Housing Discrimination Complaints Rising
Civil rights authorities say they've seen a serious uptick in housing discrimination complaints in Massachusetts. Its further fall out from the foreclosure crisis. WAMC's Pioneer Valley Bureau Chief Paul Tuthill reports.
An official with the Massachusetts Commission Against Discrimination says there's been an approximate 20 percent increase in housing discrimination complaints in the state this year. Meris Bergquist, executive director of the Massachusetts Fair Housing Center says its the result of a tightening rental market resulting from the foreclosure crisis, and the destruction of hundreds of housing units in last year's storms.

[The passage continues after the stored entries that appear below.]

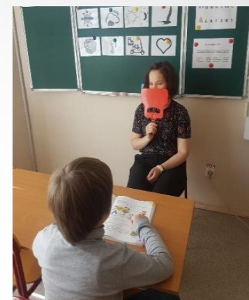
Коррекционно-развивающие занятия и комплексное сопровождение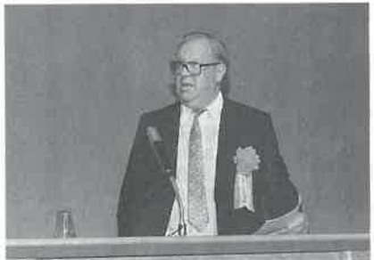
国際サウナ協会エイサロ会長の講演

第一回総会に続いて、アジアフォーラムが開かれ、中華民国、韓国から代表が参加。国際サウナ協会ア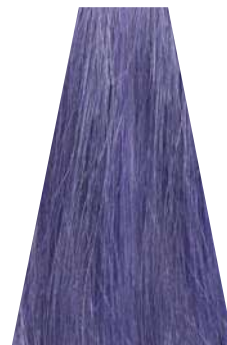
LAVENDER lavanda lavande lavanda lavanda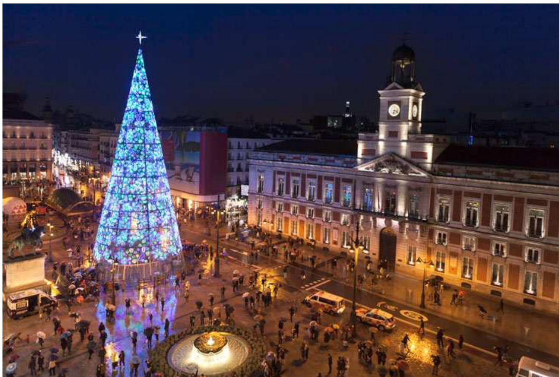
Navidad en Madrid – Puerta del Sol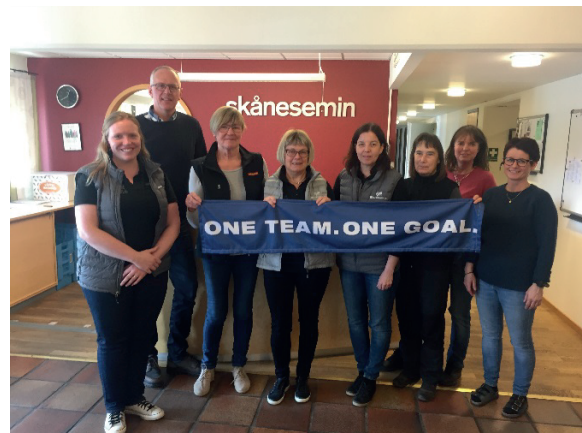
Ett lag samma mål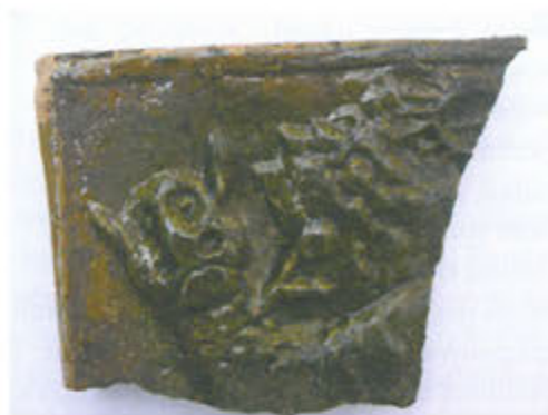
Slika 20. Ulomak pećnjaka s prikazom maske, detalj

Nekoliko manjih ulomaka pripadalo je tipu poluvaljkastog pećnjaka s otvorenom nišom prema van (sl. 21). Tip poluvaljkastog pećnjaka javlja se krajem 14. st. Sastoji se od stražnjeg dijela u obliku posude poluvaljkastog izgleda koji se izrađivao na lončarskom kolu. Prednji dio pećnjaka mogao je biti otvoren i rubno ukrašen reljefnim ukrasima koji oponašaju gotičku arhitekturu ili je imao prednju dekorativnu ploču ukrašenu na proboj. Dodatno su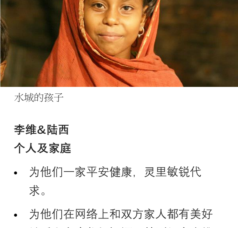
椰子城恩惠中心的孩子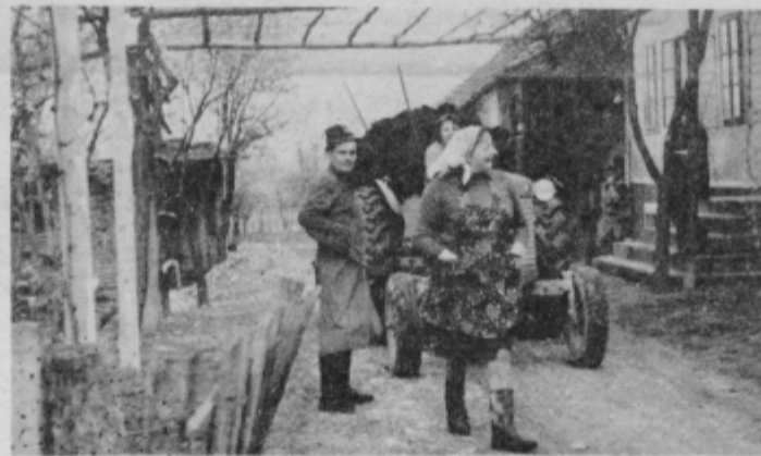
Vse več kmetij vodijo žene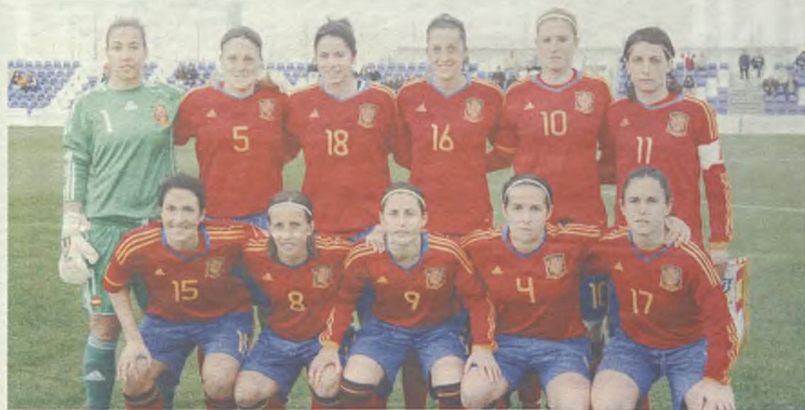
Las mejores futbolistas españolas estarán en Guadalajara./Gu30D

El 3 de marzo, en partido preparatorio para el Mundial de Canadá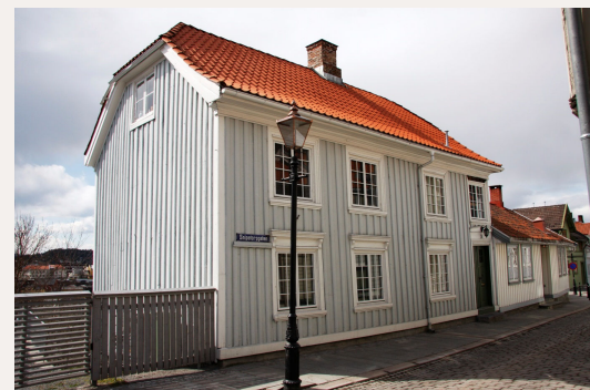
Snipetorggata 20 er eit tidstypisk borgarhus i tre i gate-miljøet som slapp unna bybrannen i Skien i 1886, og er ein av fem eigedomar på Snipetorp i Skien freda ved felles vedtak i 1954.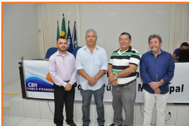
Poder Público Municipal – Currais Novos/RN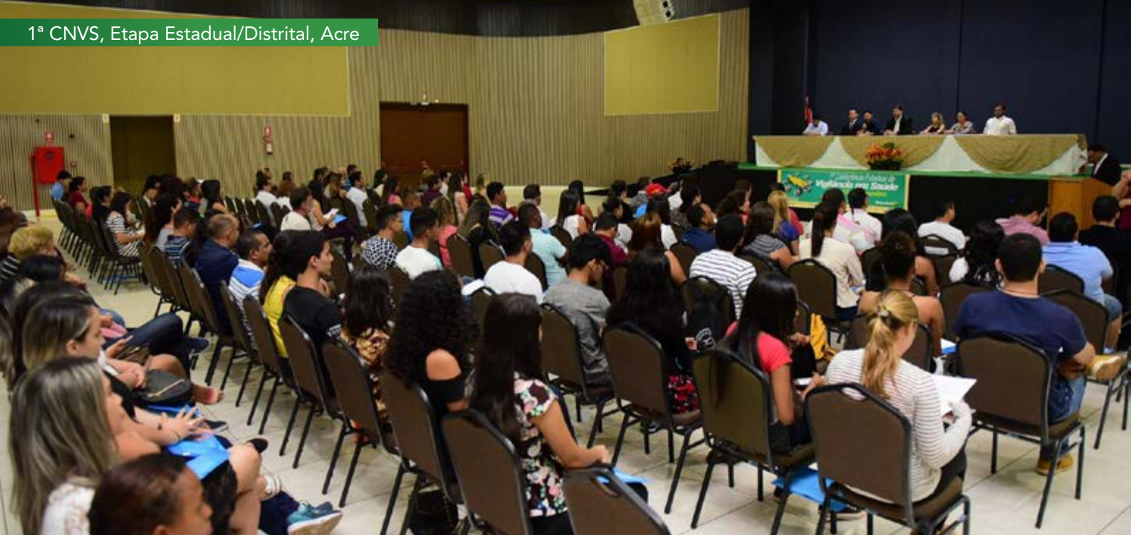
1ª CNVS, Etapa Estadual/Distrital, Acre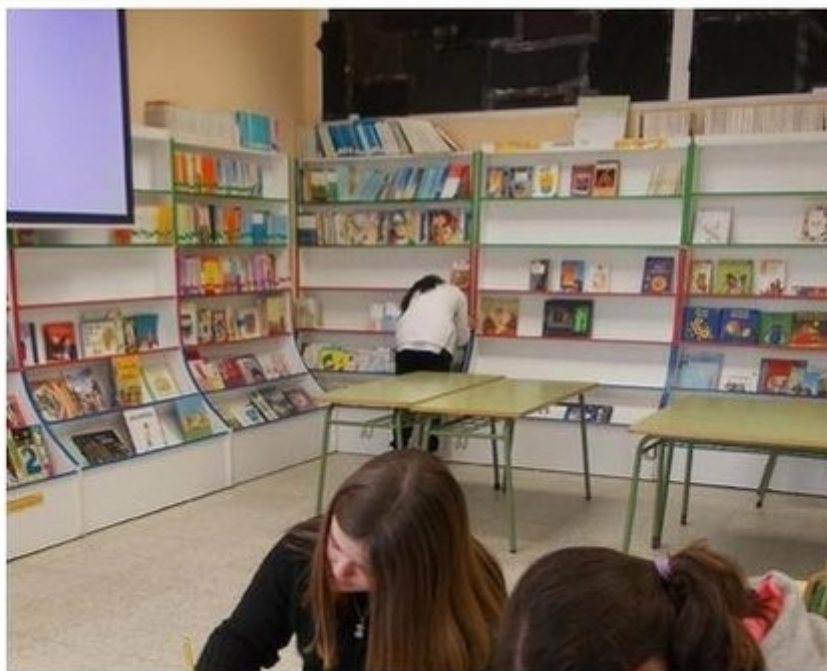
Das alumnas voluntarias en la biblioteca del CEIP Nicolás del Río

Biblioteca Carlos Labraña CEIP Nicolás del Río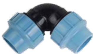
Kolano zaciskowe 90°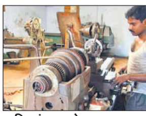
● वित्त मंत्रालय ने कहा- सरकार एमएसएमई क्षेत्र की विकास यात्रा को दे रही है गति

उसने कहा कि म्यूचुअल क्रेडिट गारंटी योजना के तहत 100 करोड़ रुपये तक के एमएसएमई ऋणों पर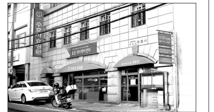
서울시 서대문구에 위치한 수효사 효림원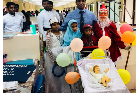
கிளிநொச்சி, டிசெ. 17

யாழ்ப்பாணம் போதனா வைத்திய சாலையின் கத்தோலிக்கத் திருச்சபையினதும், வெளிச்சம் வாழ்வியல் வளர்ச்சி அமைப்பினதும் ஏற்பாட்டில் யாழ்ப்பாணம் போதனா வைத்தியசாலையில் நத்தார் தினத்தை முன்னிட்டு அன்பளிப்புப்பொருள்கள் வழங்கப்பட்டன.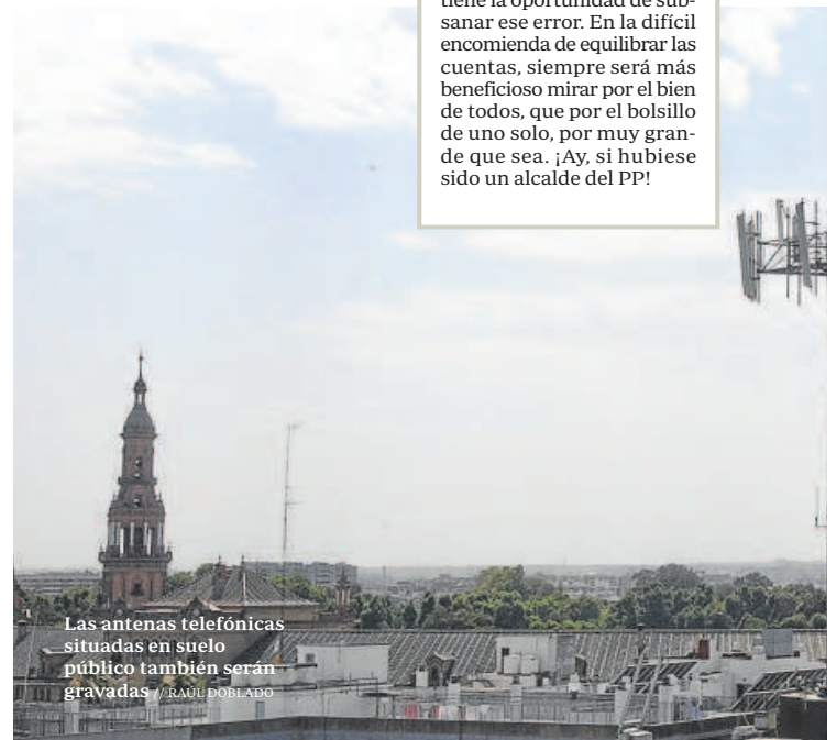
Las antenas telefónicas situadas en suelo público también serán gravadas.

Deshojando la margarita en 2017, el entonces alcalde, el socialista Juan Espadas, decidió que sí subiría los impuestos a los sevillanos y no recaudaría las tasas a las compañías telefónicas. Hoy, el PSOE tiene la oportunidad de subsanar ese error. En la difícil encomienda de equilibrar las cuentas, siempre será más beneficioso mirar por el bien de todos, que por el bolsillo de uno solo, por muy grande que sea. ¡Ay, si hubiese sido un alcalde del PP!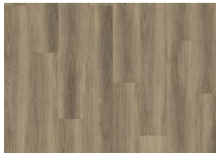
Hanmer - 6 mm lukkopontillinen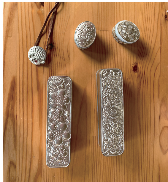
メタルエンボッシングアート ロシア・ヨーロッパで何世紀も前から職人たちによって伝承された技術を現代的にアート化したクラフトです。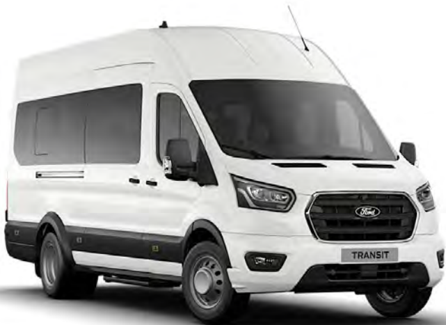
Blanc Glacier Peinture non métallisée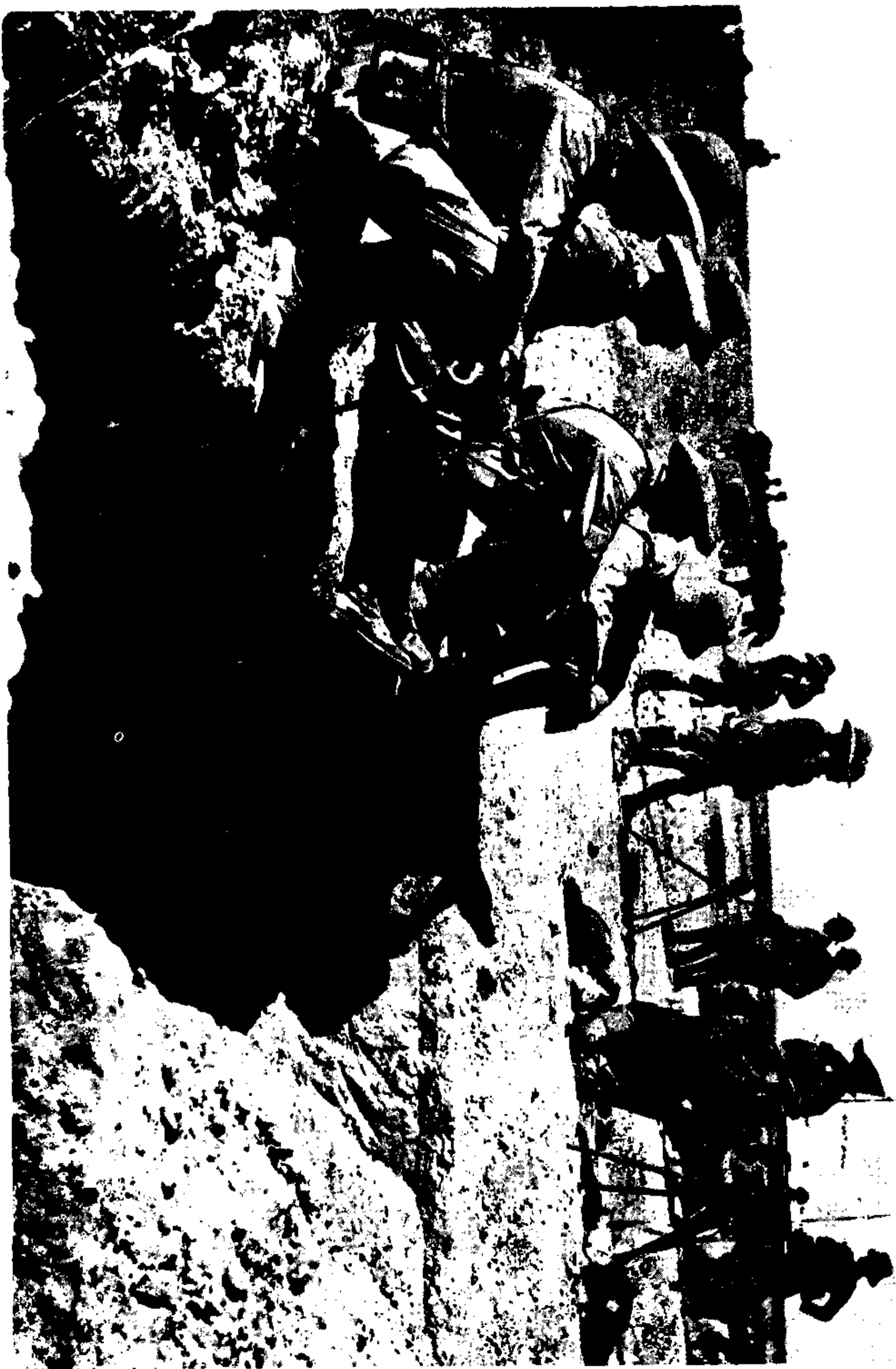
نیروهای انگلیسی در بین النهرین (عراق)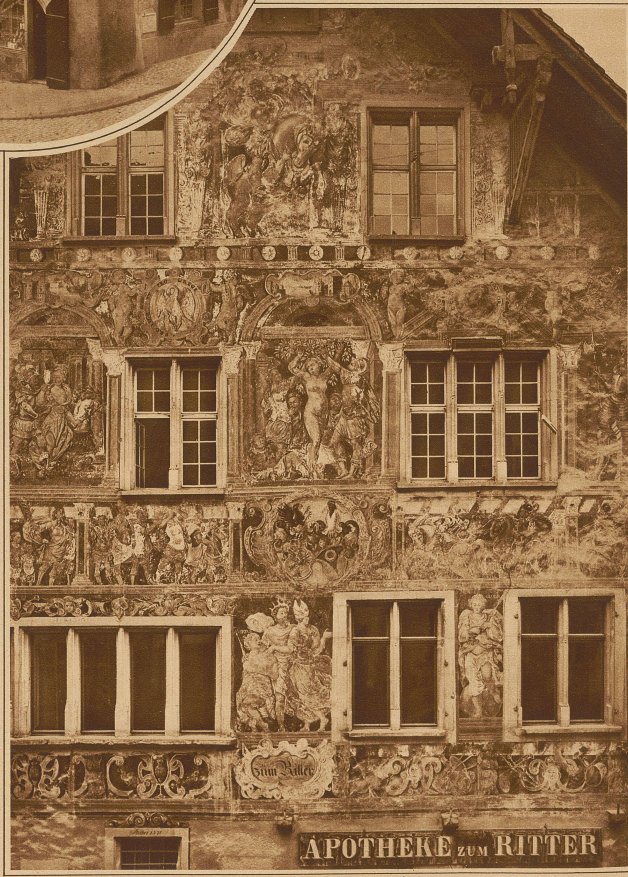
APOTHEKE ZUM RITTER

ein spätgotischer Bau von mächtigen Dimensionen, enthält an der Fassade wertvolle Malereien allegorischen Charakters, die von Tobias Stimmer im Jahre 1570 vollendet wurden. Leider sind diese prächtig hingeworfenen Bilder einer rasch fortschreitenden Zerstörung ausgesetzt, da trotz mehrfacher Versuche bisher wenig oder gar nichts zu ihrer Erhaltung unternommen wurde. In den letzten zwanzig Jahren hat die Verwitterung der Fresken so starke Fortschritte gemacht, daß der Zeitpunkt ihrer völligen Zerstörung nicht mehr fern ist, wenn nicht rasch noch in letzter Stunde sachgemäße Schritte zur Rettung getan werden. Von den beiden Aufnahmen wurde das Fassadenbild im Jahre 1906 und die Gesamtansicht des Hauses zwanzig Jahre später hergestellt. Der Unterschied in der Deutlichkeit der Malereien ist in die Augen springend.

Bergquist says her organization this year has seen an uptick in complaints about housing discrimination coming from the state's five western most counties, which include the cities of Worcester and Springfield.
Springfield lost more than 500 units of housing in last year's tornado. For several years before that natural disaster, Springfield had the highest home foreclosure rates in the state.
Federal and state laws bar discrimination in housing based on several factors including race, family status, and sexual orientation. Massachusetts later this will extend housing protection based on gender identity.
Jamie Williamson, a commissioner with the Massachusetts Commission Against Discrimination said bias in the sale, and more often the rental of housing, can be subtle and not easy to detect.
Authorities will conduct audits of the housing market to try to turn up evidence of discrimination.
The MCAD is planning to closely monitor the rebuilding in Springfield's tornado damaged neighborhoods to assure full compliance with fair housing laws.
Housing advocates have said they're concerned about the un-even pace of tornado recovery. David Gaby of Open Housing of Western Massachusetts, a non-profit housing advocacy group, says rebuilding is lagging in the city's poor and minority neighborhoods.
Rhonda Sherrell lives in the Hill Homes Housing Co-op, a 90 unit co-op apartment building that was heavily damaged by the tornado. 36 of the apartments, including hers remain uninhabitable.
Sherrell says she's filed a complaint with the US Department of Housing and Urban Development.
More than 250 people from through out New England attended a conference in Springfield Friday to discuss trends in fair housing and civil rights.
Keynote speaker, Sheryll Cashin, a Georgetown Law Professor and author of several books on race relations, said America won't succeed economically without integrated housing.